─── Given entries

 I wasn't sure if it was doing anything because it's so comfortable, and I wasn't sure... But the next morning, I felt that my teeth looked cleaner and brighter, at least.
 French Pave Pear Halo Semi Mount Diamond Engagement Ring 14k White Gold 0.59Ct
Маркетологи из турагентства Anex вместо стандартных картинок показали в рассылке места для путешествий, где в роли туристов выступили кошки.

──────
─── Given entries

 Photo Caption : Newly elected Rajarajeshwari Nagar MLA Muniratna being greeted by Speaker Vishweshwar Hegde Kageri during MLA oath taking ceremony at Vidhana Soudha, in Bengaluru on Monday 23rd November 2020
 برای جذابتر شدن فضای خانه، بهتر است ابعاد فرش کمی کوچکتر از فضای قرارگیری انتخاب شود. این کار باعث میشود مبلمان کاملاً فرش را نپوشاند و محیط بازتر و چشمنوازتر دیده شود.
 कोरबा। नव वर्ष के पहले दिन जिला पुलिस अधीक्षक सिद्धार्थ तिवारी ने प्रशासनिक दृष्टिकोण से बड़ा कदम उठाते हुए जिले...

──────

→ Work required:
Keep both end lines and retype everything in the records above from the line containing "برای جذابتر شدن" through the line containing "कोरबा। नव वर्ष", exactly, with nothing else.

→ Output of the task:
 برای جذابتر شدن فضای خانه، بهتر است ابعاد فرش کمی کوچکتر از فضای قرارگیری انتخاب شود. این کار باعث میشود مبلمان کاملاً فرش را نپوشاند و محیط بازتر و چشمنوازتر دیده شود.
 कोरबा। नव वर्ष के पहले दिन जिला पुलिस अधीक्षक सिद्धार्थ तिवारी ने प्रशासनिक दृष्टिकोण से बड़ा कदम उठाते हुए जिले...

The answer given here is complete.